I am able to dynamically push the users in their correct vlan. so that aside...

The problem is, while everything gets pushed to the marketing vlan, the Mdns devices do not! I can only see the Mdns devices that are in the vlan of the interface that is selected in the wlan (see attached screenshot)

 

I have tried your solution with adding this to the authorization profile

cisco-av-pair=role=test
cisco-av-pair=mDns-profile-name=mdns_profile_tes

 

and that works too, but i dont like that I have to log into the wireless controller, find the appleTVs and add them to a profile. I wish the Airespace-Interface-Name = marketing that pushes the devices in the marketing vlan would also push the Mdns devices in the marketing vlan.

 

here is what we have been doing in the past:

 

vlan10 had a wlan10 tied to interface with vlan10 tagging, so all we had to do was be in the same vlan and we were able to see all the computers plus whatever airplay, printers, or appleTVs we joined to wlan10. the problem is we overcrowded the airspace with too many wlans and things went south, plus we need more than the recommended wlan limit. so now we started using ISE with 2 wlans to push all the devices on their specified vlan (via airespace-Interface-name with vlan tagging) based on AD user group. That works well, but the Mdns doesnt get pushed to the specified interface for some reason.

 

Ok gotcha. How did you configured mdns on your interface (the one you're pushing) ?
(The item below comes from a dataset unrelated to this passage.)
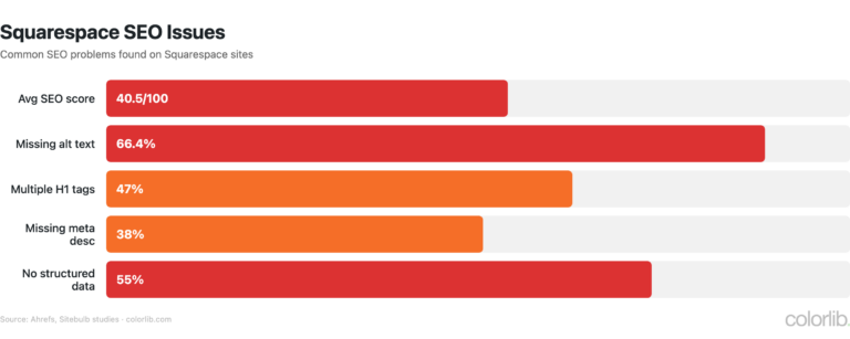 - SEO is a weak point. The 40.5/100 average SEO score, 66.4% missing alt text, and limited technical SEO controls remain Squarespace’s biggest limitation.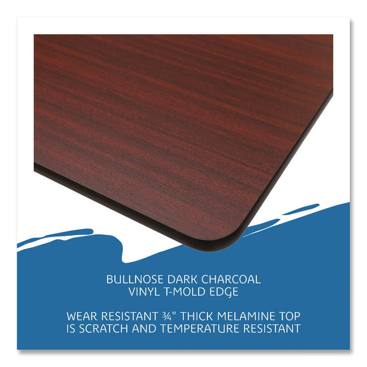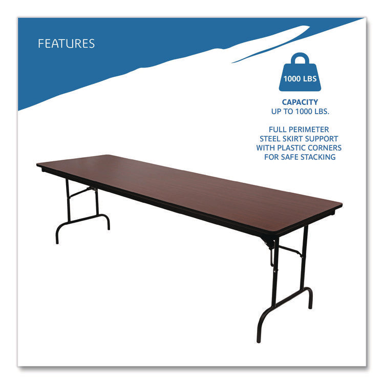 Wear-resistant, 3/4" thick melamine top with vinyl T-mold edge. Melamine sealed underside helps prevent moisture absorption. Full perimeter steel skirt support with plastic corners to protect surface when stacking. 1" diameter, heavy gauge steel legs with heavy-duty foot caps to protect floors. Heavy-duty leg supports and gravity leg lock for secure set-up. Folds to 2-1/2" for compact storage.

When the device authenticates, in which mdns group is it attached to? Default?

Never tested that way.

Thanks
Francesco
PS: Please don't forget to rate and select as validated answer if this answered your question

Hi, 

I right now the Mdns profiling or snooping isnt on, as soon as I enable that, I either have to manually add the devices via mac address to a profile and then push that profile, or all the devices are on all the clients on the network. I would like to avoid both cases, i would like the Mdns devices to stay on the specified vlan, just like all the other devices.

 

when a device authenticates to the network, I can get it to be in whatever mdns group i specify, like you showed me, but I do not want to have to do it manually, i simply want it to show the devices that are in that vlan.

could I accomplish that with using dynamic vlan and flexconnect.

Honestly, I got you that you want to add the services dynamically to right mdns group.
Not sure if you can accomplish that, usually we setup them and do the client dynamic to groups based on authentication.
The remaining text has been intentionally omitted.